Work instructions = Word for word, restate the data that follows, omitting the images.

Supplied information =
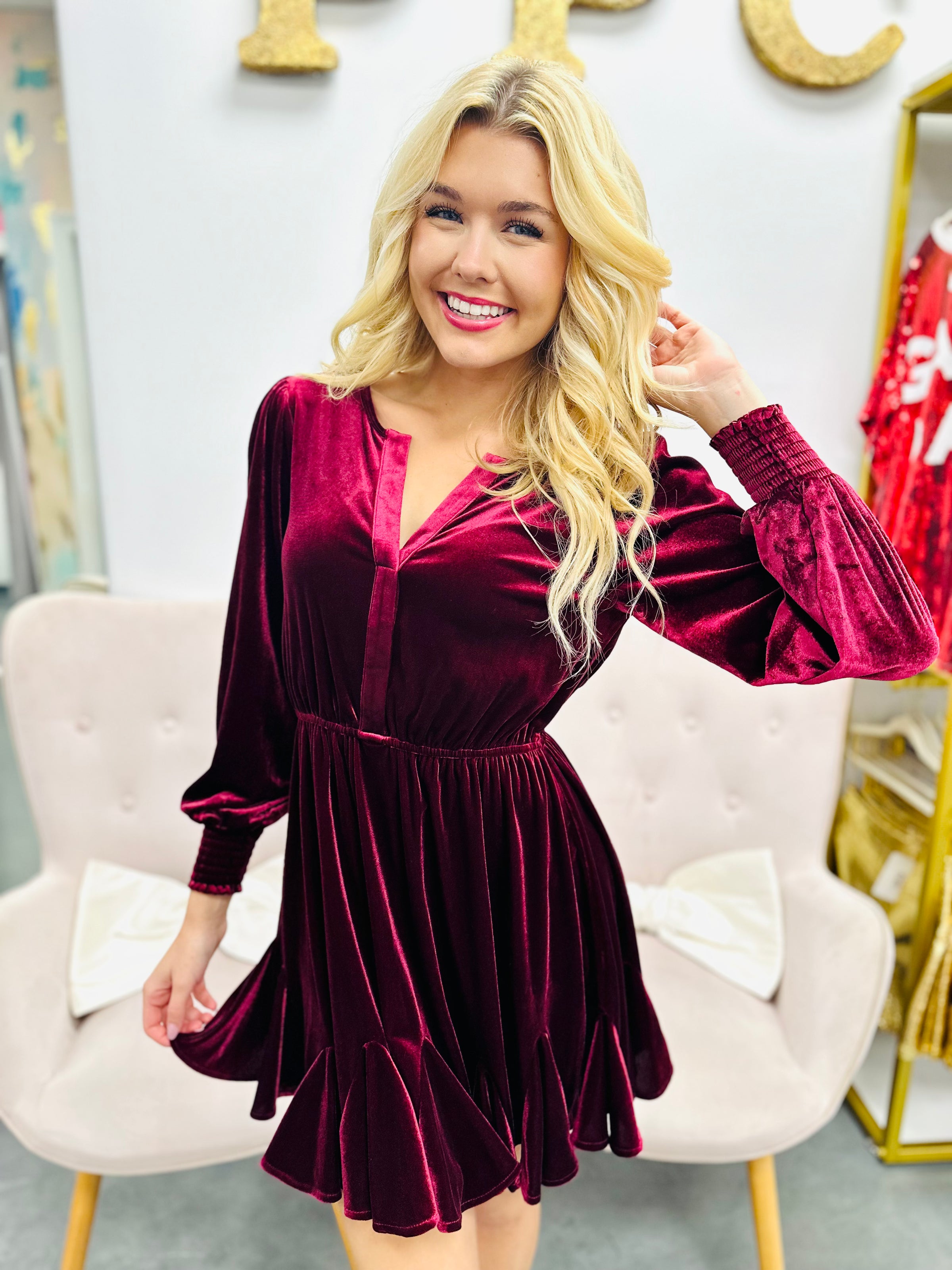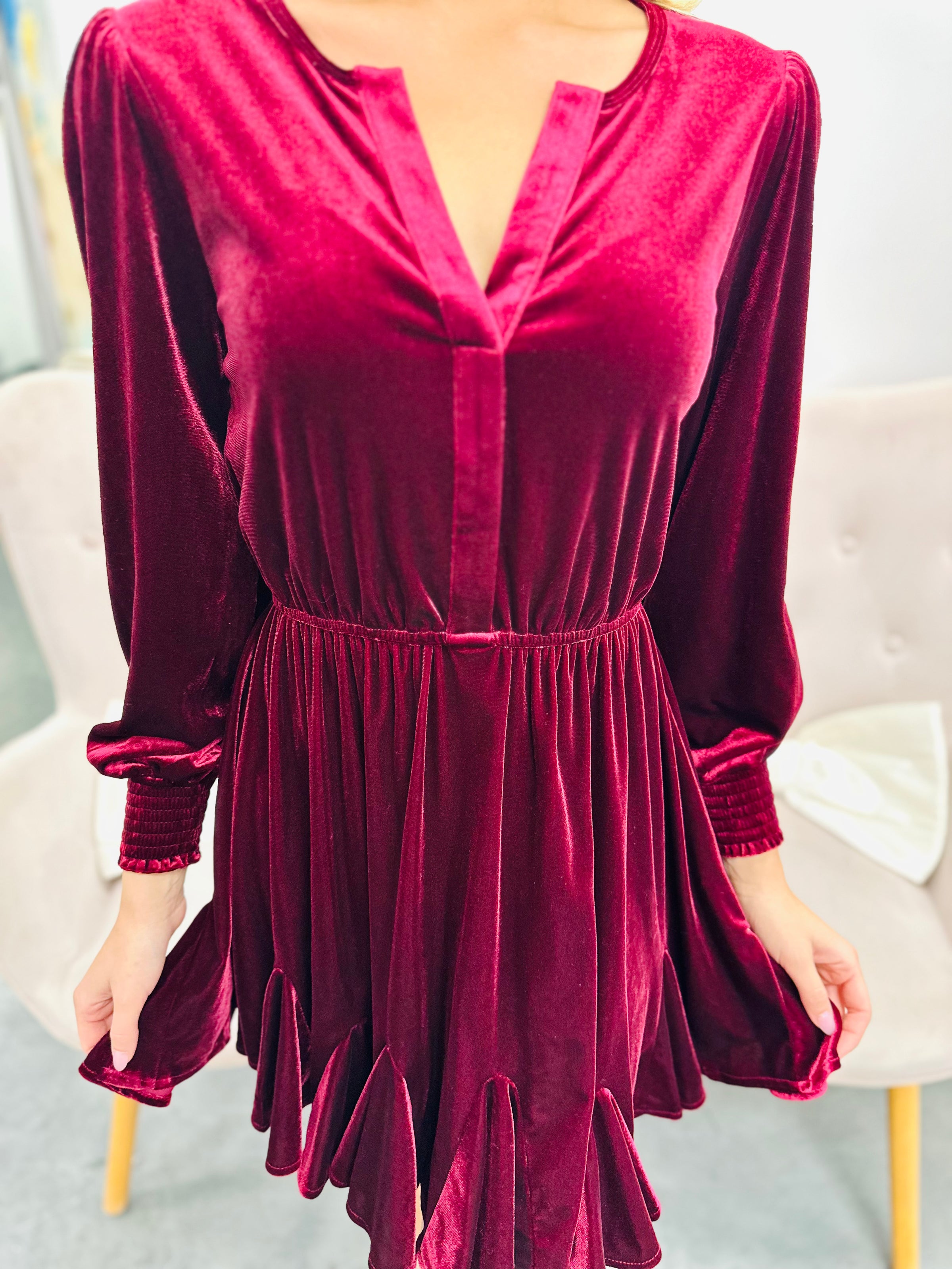 Be the belle of the ball in our sumptuous Velvet Split Collar Godet Mini Dress. This elegant garment features an exquisitely constructed split velvet collar and short godet sleeves, all tailored to perfection in a flattering slim-fit silhouette. Enliven your wardrobe and turn heads with this chic, statement-making piece!
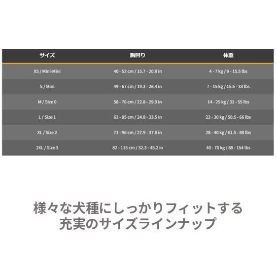 →ハーネスサイズ【Baby1/3XS・Baby2/2XS・Mini-Mini/XS・Mini/S・サイズ 0/M 】対応
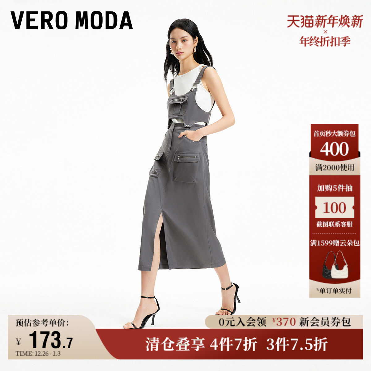 Vero Moda奥莱连衣裙秋冬新款休闲街头风可拆背带拉链显瘦流行
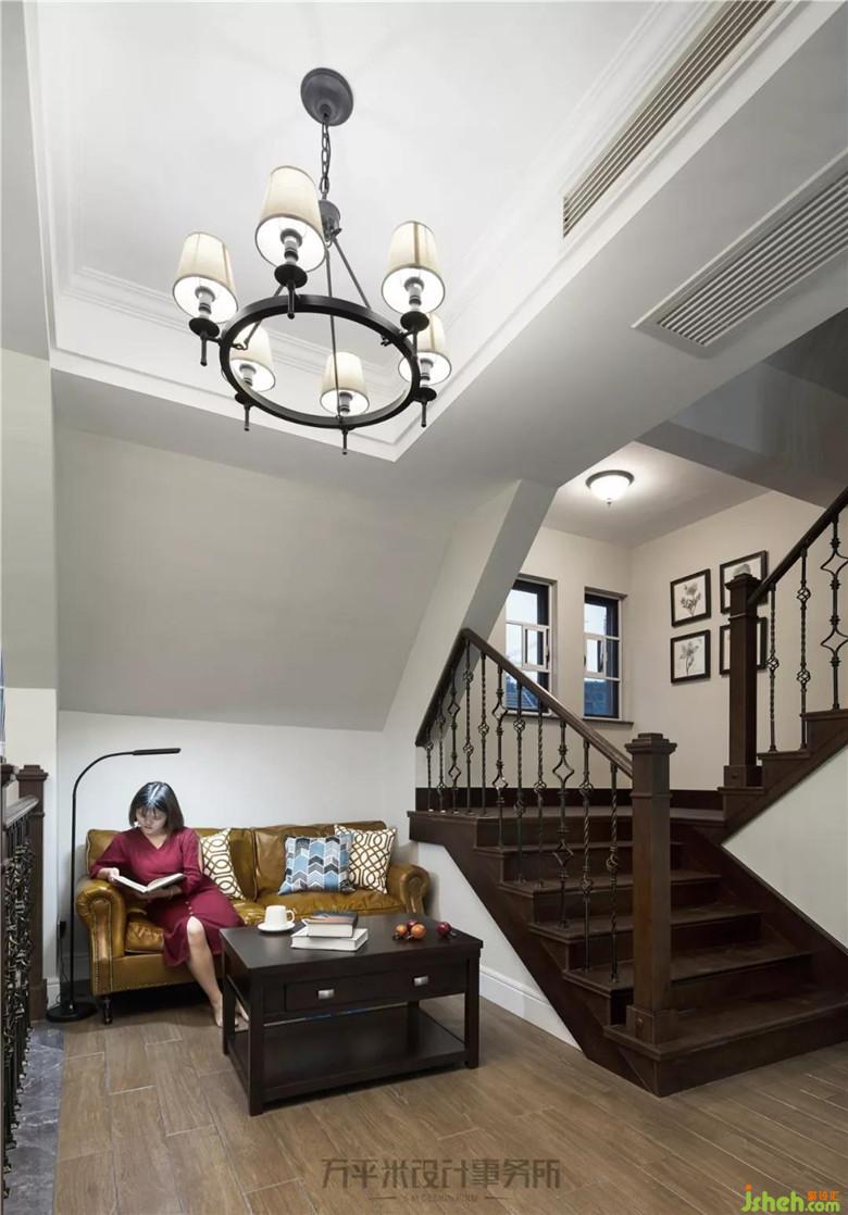 考慮斜屋頂?shù)某叽?,二樓至三樓的扶梯位置平移調(diào)整,取得更合理寬裕的步行通道。休閑沙發(fā)擺放于內(nèi)空處,臨近電視墻上部的展示書柜區(qū),方便取閱之余,成為舒適的閱讀區(qū)域。

Answer box =
 Be the belle of the ball in our sumptuous Velvet Split Collar Godet Mini Dress. This elegant garment features an exquisitely constructed split velvet collar and short godet sleeves, all tailored to perfection in a flattering slim-fit silhouette. Enliven your wardrobe and turn heads with this chic, statement-making piece!
 →ハーネスサイズ【Baby1/3XS・Baby2/2XS・Mini-Mini/XS・Mini/S・サイズ 0/M 】対応
 Vero Moda奥莱连衣裙秋冬新款休闲街头风可拆背带拉链显瘦流行
 考慮斜屋頂?shù)某叽?,二樓至三樓的扶梯位置平移調(diào)整,取得更合理寬裕的步行通道。休閑沙發(fā)擺放于內(nèi)空處,臨近電視墻上部的展示書柜區(qū),方便取閱之余,成為舒適的閱讀區(qū)域。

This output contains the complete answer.